Linear Programming and Mixture Problems
Read the book chapters first, then make sure you can answer the questions in the notes. Following that, work on some skills-check problems and exercises. Then take the online quizzes.
- Reading
- 4.1, 4.2, 4.3
- Skills Check
- 1, 2, 5, 6, 7, 9, 10, 11, 13, 14, 15, 17, 18, 21, 22, 24, 25
- Exercises
- 1, 2, 3, 4, 5, 6, 8, 9, 10, 11, 12, 15, 16, 17, 21, 22, 24, 25, 26, 32, 34, 36, 37, 38, 39, 40, 42, 43, 46, 48
- Quiz
- Take the quiz
4.1
- What is linear programming in very general terms?
- What is a mixture problem?
- What is an optional production policy in a mixture problem?
- A mixture problem contains some key features: resources, products, recipes, profits and objective. Describe what each of these terms means, and illustrate these terms in a concrete examples.
- Come up with examples of mixture problems from your experience.
- When we translate a mixture problem into an actual mathematical problem, two key steps is the determination of minimum constraints and resource constraints. Explain what those are. What kinds of algebraic expressions do these give rise to?

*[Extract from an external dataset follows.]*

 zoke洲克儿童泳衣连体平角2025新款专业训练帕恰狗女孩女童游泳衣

- What do we refer to as the feasible region in a mixture problem.
- How do we draw the feasible region?
4.2
- What does the corner point principle say for mixture problems?
- What simple method for determining the optimal production policy does this corner point principle provide?

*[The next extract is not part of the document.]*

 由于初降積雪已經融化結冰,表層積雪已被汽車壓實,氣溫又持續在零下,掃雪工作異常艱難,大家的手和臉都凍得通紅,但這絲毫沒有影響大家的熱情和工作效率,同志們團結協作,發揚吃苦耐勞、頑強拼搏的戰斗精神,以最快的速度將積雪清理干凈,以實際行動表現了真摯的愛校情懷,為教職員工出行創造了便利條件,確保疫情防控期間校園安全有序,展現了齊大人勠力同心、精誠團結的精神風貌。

- What shape does the feasible region have?
- Make sure to review the section about how to solve systems of equations (page 128).

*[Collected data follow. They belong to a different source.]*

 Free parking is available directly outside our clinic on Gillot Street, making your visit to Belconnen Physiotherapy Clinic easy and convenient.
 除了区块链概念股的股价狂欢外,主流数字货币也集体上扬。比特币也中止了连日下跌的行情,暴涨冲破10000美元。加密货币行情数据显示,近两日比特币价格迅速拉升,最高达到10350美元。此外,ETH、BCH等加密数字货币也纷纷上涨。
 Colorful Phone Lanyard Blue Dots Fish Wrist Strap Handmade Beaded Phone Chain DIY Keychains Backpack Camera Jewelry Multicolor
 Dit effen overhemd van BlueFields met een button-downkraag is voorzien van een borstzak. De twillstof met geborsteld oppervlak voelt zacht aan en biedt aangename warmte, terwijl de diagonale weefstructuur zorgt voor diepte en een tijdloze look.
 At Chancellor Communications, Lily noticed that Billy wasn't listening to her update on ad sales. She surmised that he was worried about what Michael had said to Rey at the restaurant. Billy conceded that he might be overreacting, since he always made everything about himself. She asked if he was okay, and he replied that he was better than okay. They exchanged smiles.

- Work out some examples of solving mixture problems via this principle.
- If a problem has two resources and 3 resource constraints on them, how many corners might the feasible region have?
4.3
- What is the profit line for a particular profit value? What is its significance when compared to the feasible region?
- How does the profit line help “prove” that the corner point principle works?